Ultralytics defines the KITTI dataset configuration using a YAML file. This file specifies the dataset paths, class labels, and metadata required for training. The configuration file is available at https://github.com/ultralytics/ultralytics/blob/main/ultralytics/cfg/datasets/kitti.yaml.
!!! example "ultralytics/cfg/datasets/kitti.yaml"
```yaml
--8<-- "ultralytics/cfg/datasets/kitti.yaml"
```
To train a YOLO26n model on the KITTI dataset for 100 epochs with an image size of 640, use the following commands. The dataset (390.5 MB) downloads automatically on first use.

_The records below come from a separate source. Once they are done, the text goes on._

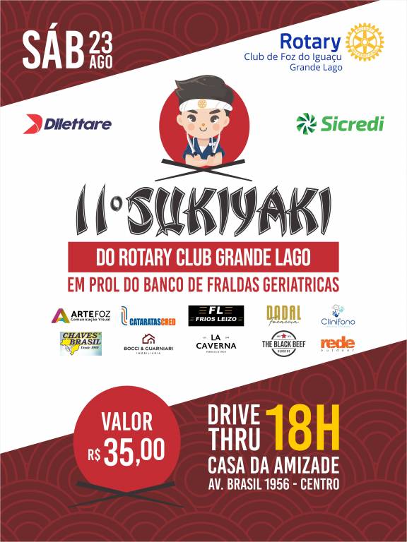O Rotary Club de Foz do Iguaçu Grande Lago está nos preparativos do 11º Sukiyaki Solidário, que ocorrerá no dia 23 de agosto, a partir das 18h, no sistema Drive Thru.
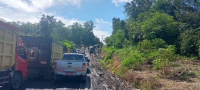 RUSAK: Tampak Jalan Kurun Palangka Raya rusak parah dilalui truk bermuatan sedang antrian di jalan wilayah Desa Rabauh, Sabtu (18/11/2022).
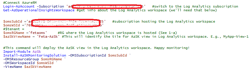 Install-AzSKMonitoringSolution -OMSSubscriptionId $omsSubId `
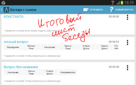 5. Итак, если фон беседы задан, и она началась, твоя задача внимательно слушать (слушать можно где угодно и кого угодно, будто жена или партнер по бизнесу или бос, другое дело уместно ли применить клавиатуру) своего сына и при помощи клавиатуры фиксировать проявленные сигналы. Если хочешь или если у тебя есть специально подготовленные вопросы, то занеси их в KС и двигайся в процессе беседы по ходу вопросов. Хотя вполне возможно обойтись и без этого
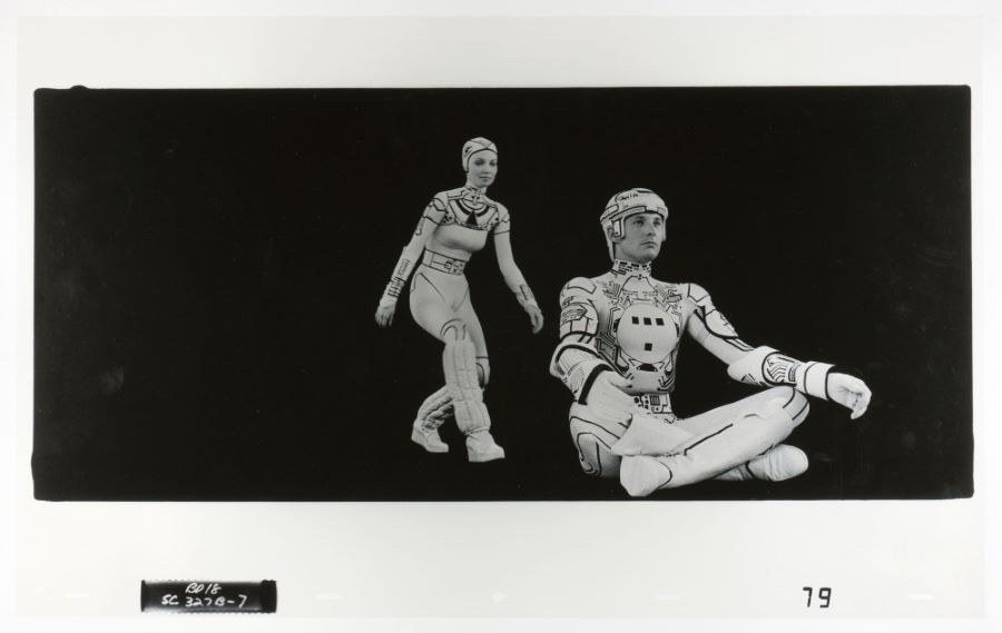 An Ektachrome continuous-tone transparency cel from the Disney Studios film "TRON" (1982). Featuring Tron and Yori in the Master Control Program, the Ektachrome cel was created at the studio and used during the production of the special effects sequences in the film. The groundbreaking film predated modern-day computer animation and effects, requiring the unique lighting effects to be hand-created frame by frame. This painstaking process was only used for "TRON," making the film's effects artwork a special piece of movie history. Measuring 12.5"x20" overall, with the character image measuring 7.5"x10.25", the transparency cel is in very good condition with minor surface scratches and general handling wear.
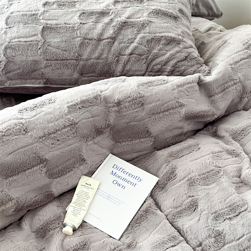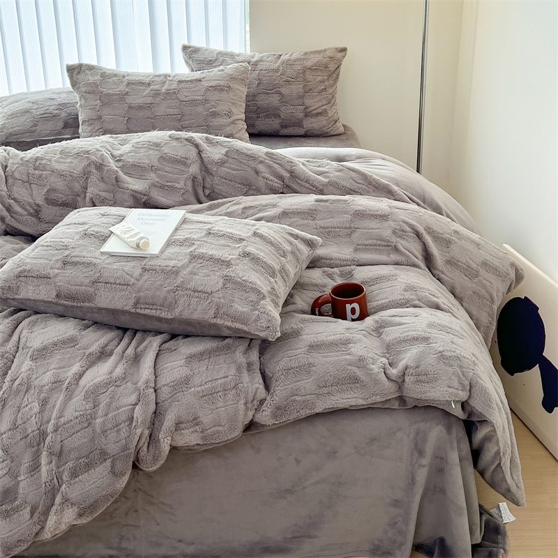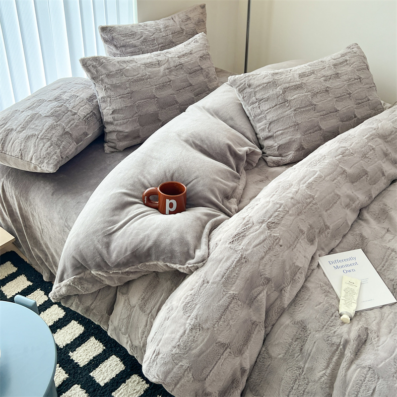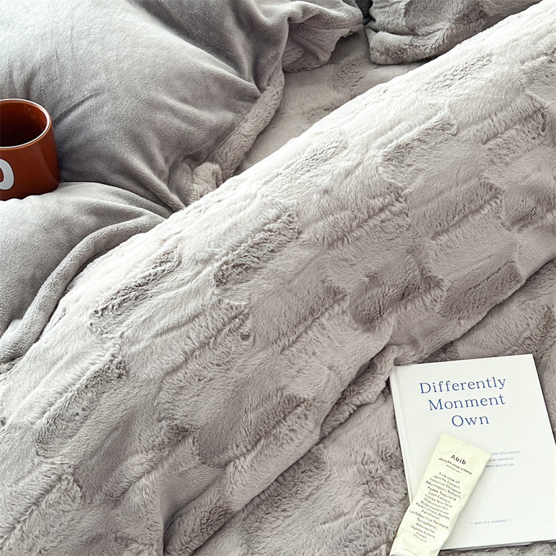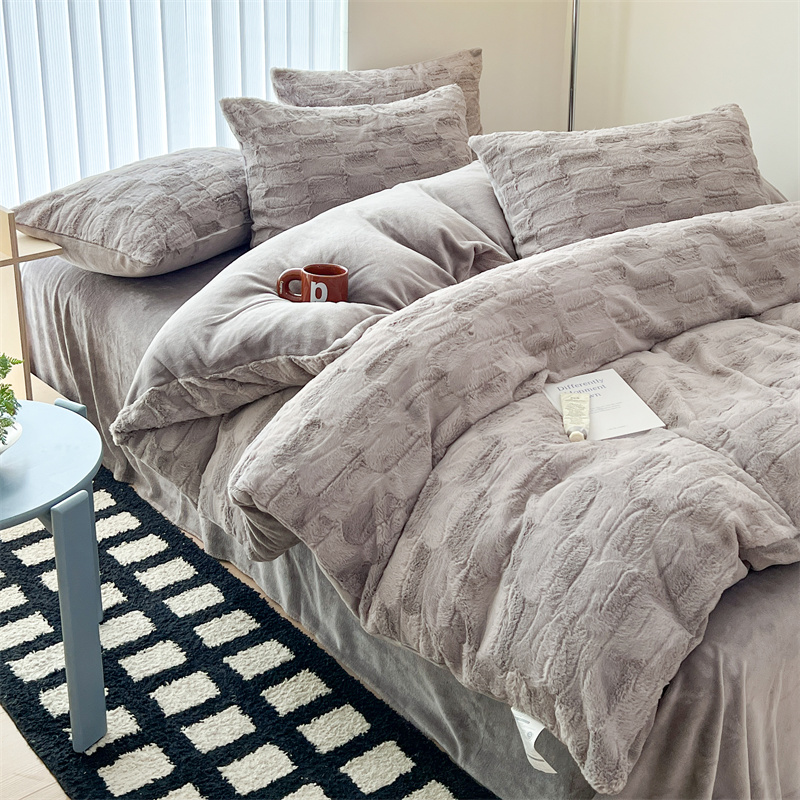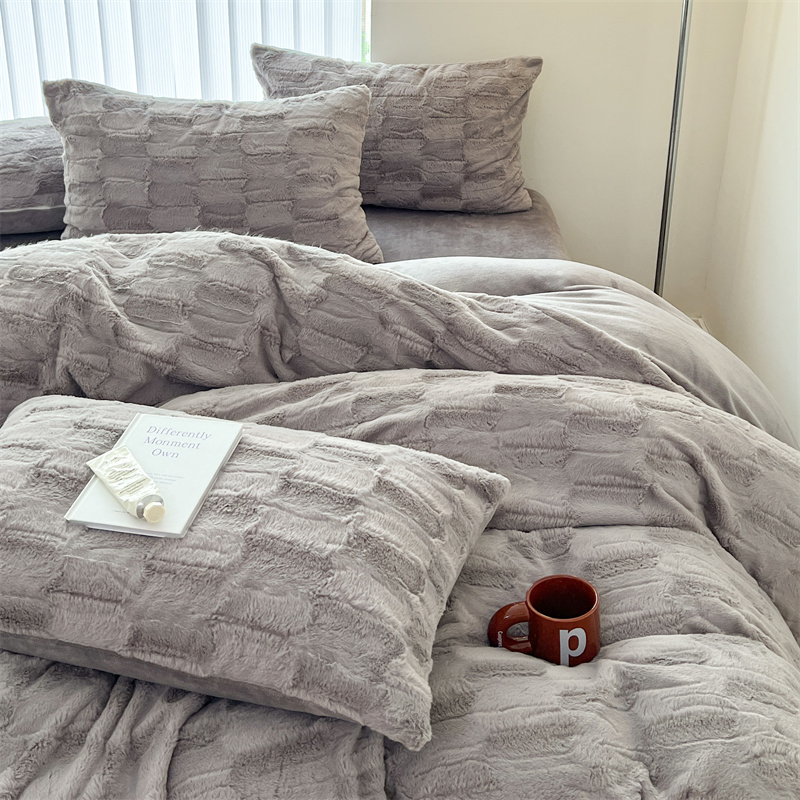(总)顾里家纺 2025新款美拉德兔毛四件套,斑纹咖,豹纹灰,豹纹咖,蝶影,繁花,格调,花境,花蕊,花语,简爱,玫瑰情话,羽叶
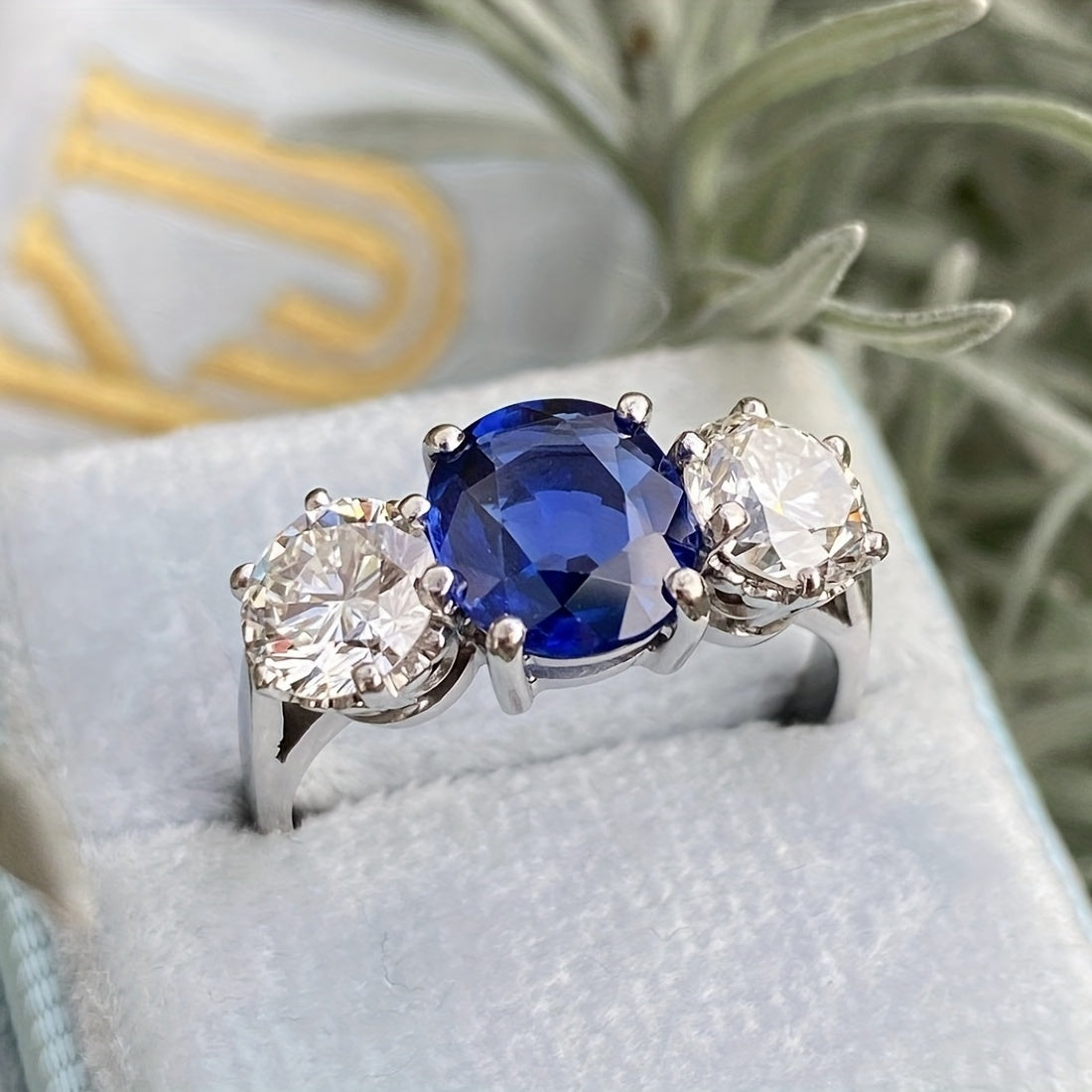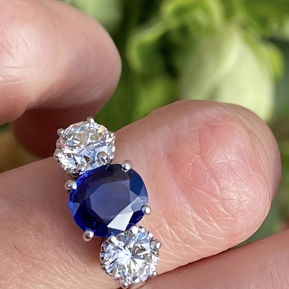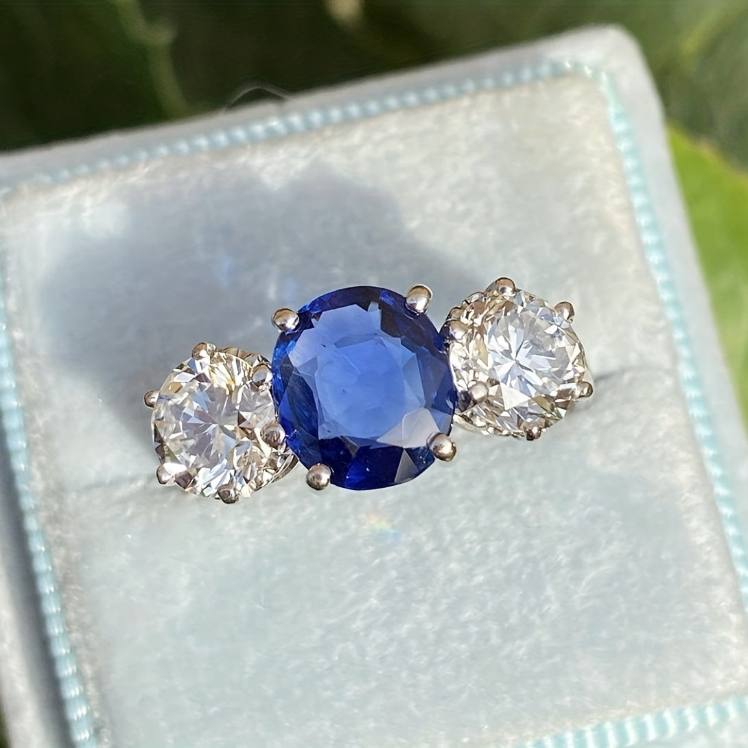 This ring is perfect for formal occasions like parties, engagements, and weddings. It features artificial diamonds and sapphire inlays, adding a touch of elegance to your look.

For more details, refer to the Training page.
!!! example "Train Example"
=== "Python"
```python
from ultralytics import YOLO
# Load a pretrained YOLO26 model
model = YOLO("yolo26n.pt")
# Train on kitti dataset
results = model.train(data="kitti.yaml", epochs=100, imgsz=640)
```
=== "CLI"
```bash
yolo detect train data=kitti.yaml model=yolo26n.pt epochs=100 imgsz=640
```
You can also perform evaluation, inference, and export tasks directly from the command line or Python API using the same configuration file.
The sample below shows a driving scene from the dataset with its 2D bounding-box annotations. KITTI images span urban, rural, and highway scenes captured in real traffic, giving models varied object scales, viewpoints, and lighting.
If you use the KITTI dataset in your research, please cite the following paper:
!!! quote
=== "BibTeX"
```bibtex
@article{Geiger2013IJRR,
author = {Andreas Geiger and Philip Lenz and Christoph Stiller and Raquel Urtasun},
title = {Vision meets Robotics: The KITTI Dataset},
journal = {International Journal of Robotics Research (IJRR)},
year = {2013}
}
```
We acknowledge the KITTI Vision Benchmark Suite for providing this comprehensive dataset that continues to shape progress in computer vision, robotics, and autonomous systems. Visit the KITTI website for more information.
The Ultralytics KITTI dataset is used to train and evaluate 2D object detection models for autonomous driving. It provides 7,481 annotated images across 8 classes, including cars, pedestrians, and cyclists, and is widely used for benchmarking perception models.
The Ultralytics KITTI configuration contains 7,481 images — 5,985 for training and 1,496 for validation — with no separate test split. Each image is annotated across 8 classes: car, van, truck, pedestrian, person_sitting, cyclist, tram, and misc.
No. The Ultralytics KITTI configuration provides only train (5,985 images) and validation (1,496 images) splits. The original KITTI test set is excluded because it has no public ground-truth annotations.
The dataset (390.5 MB) downloads automatically the first time you train with data="kitti.yaml" — no manual step is required. Ultralytics fetches the images and labels and unpacks them to your local datasets directory. You can browse related datasets in the detection datasets overview.
Yes, KITTI is fully compatible with Ultralytics YOLO26. You can train and validate models directly using the provided YAML configuration file.